In August 1876, the Governor of Cochinchina M. Duperré held a design contest for a new cathedral. Apart from creating a religious building for the Catholics, the cathedral, by some opinion, was also aimed at displaying Christianity and the greatness of French civilization. The design by architect J. Bourad defeated 17 others and was chosen by the contest organizers. J. Bourad's design was in a revised Roman style mixed with Gothic elements. The chosen design was considered the most beautiful one in the French colony at that time.
J. Bourad was also the successful bidder so he was the supervisor of construction.
On 7 October 1877, Bishop Isidore Colombert laid the first stone in an inaugural ceremony to start the construction of the cathedral which lasted three years and was finished on Easter Day, 11 April 1880. A blessing ceremony and ceremony of completion were solemnly organized in the presence of the Governor of Cochinchina Charles Le Myer de Vilers. Just inside
of the main entry gate the granite plate commemorating the start and completion dates and designer can be seen
All of the building materials were imported from France. This is unusual, as Vietnam has great amounts and quality of materials. But this was the 19th century and maybe the qualities of materials were not so good then.

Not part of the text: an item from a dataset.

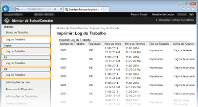O histórico de impressões, cópia, envio de faxes/e-mails (TX), ou recepção de faxes (RX) é exibido com até 128 trabalhos.
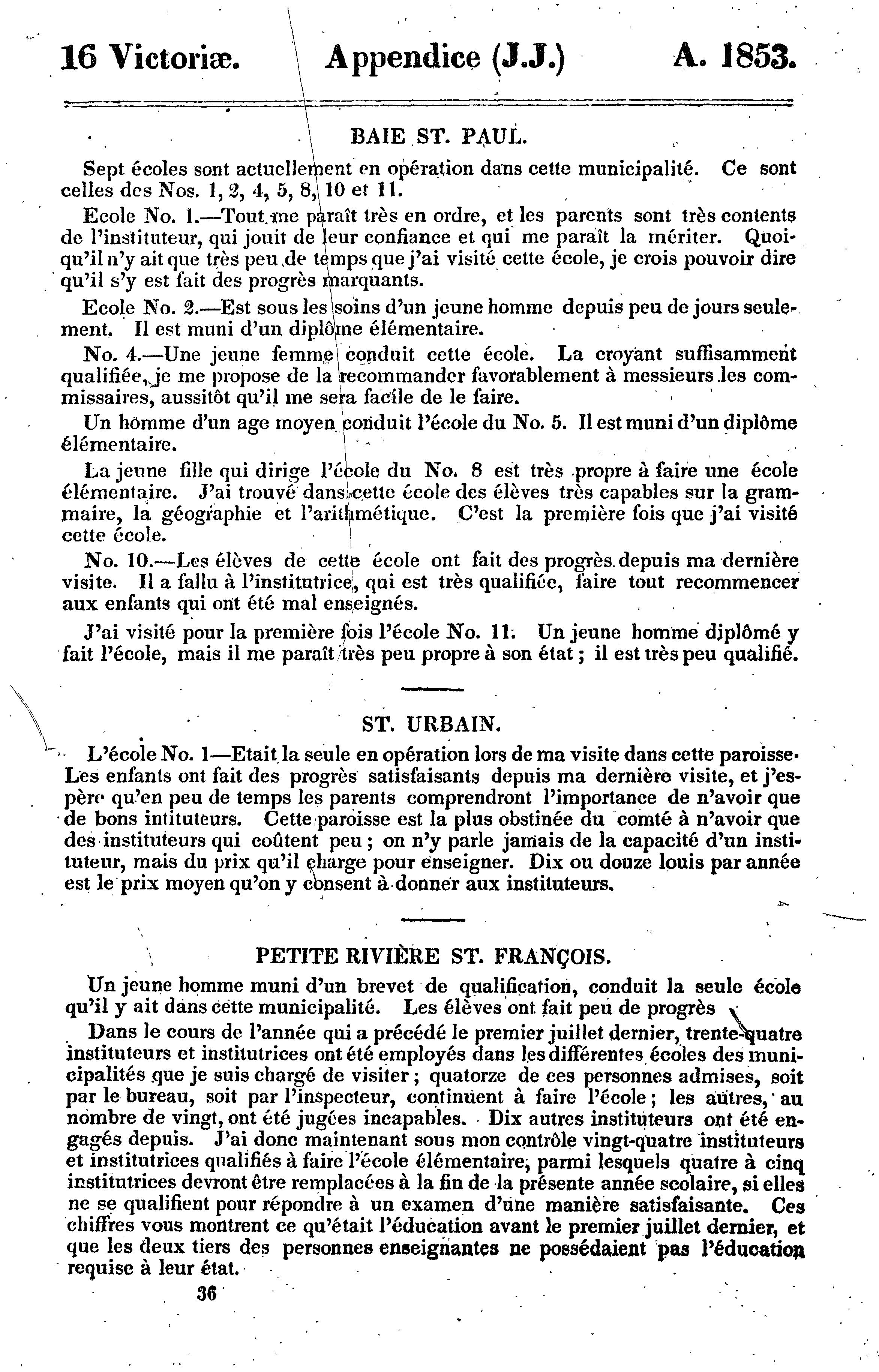 Appendice du onzième volume des journaux de l'Assemblée législative de la Province du Canada, depuis le 19 août 1852, jusqu'au 14 juin 1853, ces deux jours inclus, et dans la seizième année du règne de notre souveraine dame la Reine Victoria, étant la première session du quatrième Parlement provincial du Canada : 1852/53 (pt. 5)

The bricks were from Marseille France. The contractor did not use coated concrete but the bricks have retained their bright red color until now.
In 1895, two bell towers were added to the cathedral, with 6 bronze bells with the total weight of 28.85 metric tonnes. The crosses were installed on the top of each tower of 3.5 m high, 2 m wide, and 600 kg in weight. The total height of the cathedral to the top of the Cross is 60.5 m.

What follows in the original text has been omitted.